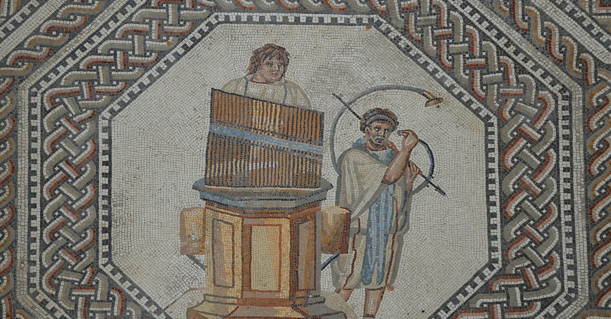 Octagon from a 3rd century CE depicting an organist and a horn player. The beginning and end of the Roman games (ludi) were often accompanied by music. The mosaicist has depicted the water organ (hydraulis), known in the ancient world since 300 BCE. The 27 organ pipes rest on a hexagonal podium which also serves to store water for the organ. The organist plays the keyboard situated behind the pipes. The other musician is playing the cornu, which is braced and supported on the shoulder of the horn player by a cross bar. From the Roman villa in Nennig, Germany.
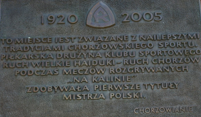 Z przykrością informujemy, że zaginęła tablica ufundowana przez mieszkańców Chorzowa, która upamiętniała najlepsze tradycje chorzowskiego sportu. Tablica była umieszczona na murach Szkoły Podstawowej nr 34 w Chorzowie naprzeciwko obecnych ogródków działkowych, tam gdzie w latach 30. znajdowało się boisko na "Kalinie", zwane "Hasiokiem". To tam rozgrywała swoje mecze drużyna Ruchu Wielkie Hajduki i zdobyła na nim w 1933 roku swoje pierwsze mistrzostwo Polski.
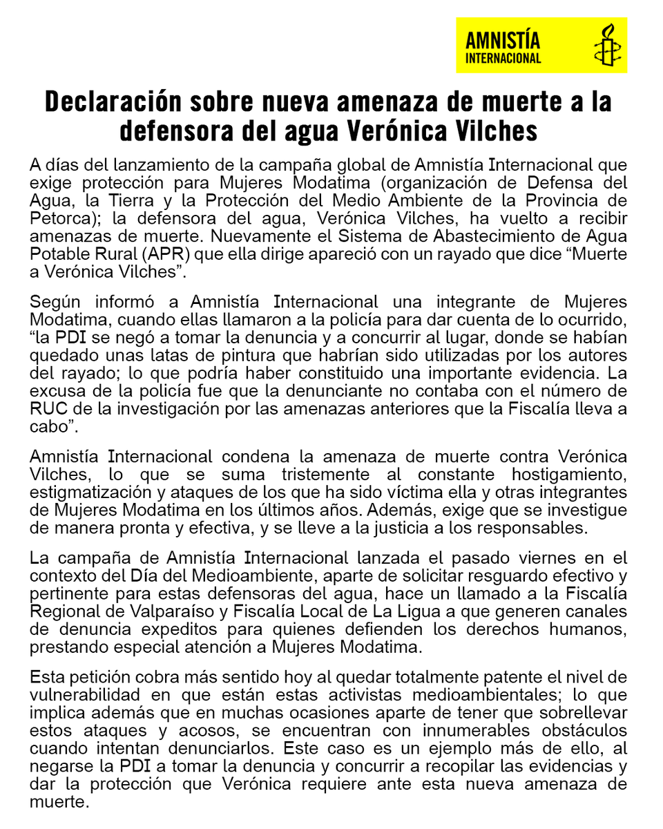No podemos esperar una tragedia entre las defensoras del agua de @MujeresModatima para que realmente se les proteja. Pedimos además a la@FiscaliaRegionV que genere canales de denuncia expeditos. EXIGE#ProtecciónMujeresModatima
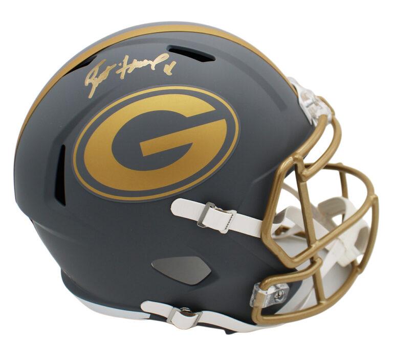 Riddell Green Bay Packers full-size slate alternate speed replica helmet. Hand-signed by Brett Favre (HOF).
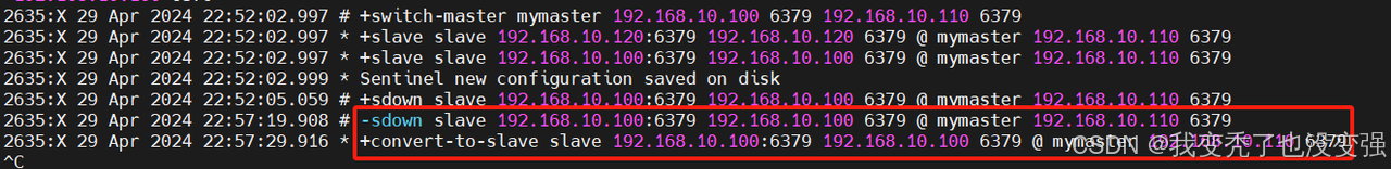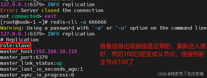 查看新主节点110的信息,可以看到已经成为了master

■ Task details ■
Only the lines from the one containing "Riddell Green Bay" to the end of the listing belong in the answer, exactly as they stand and with no pictures.

■ Exercise answer ■
 Riddell Green Bay Packers full-size slate alternate speed replica helmet. Hand-signed by Brett Favre (HOF).
 查看新主节点110的信息,可以看到已经成为了master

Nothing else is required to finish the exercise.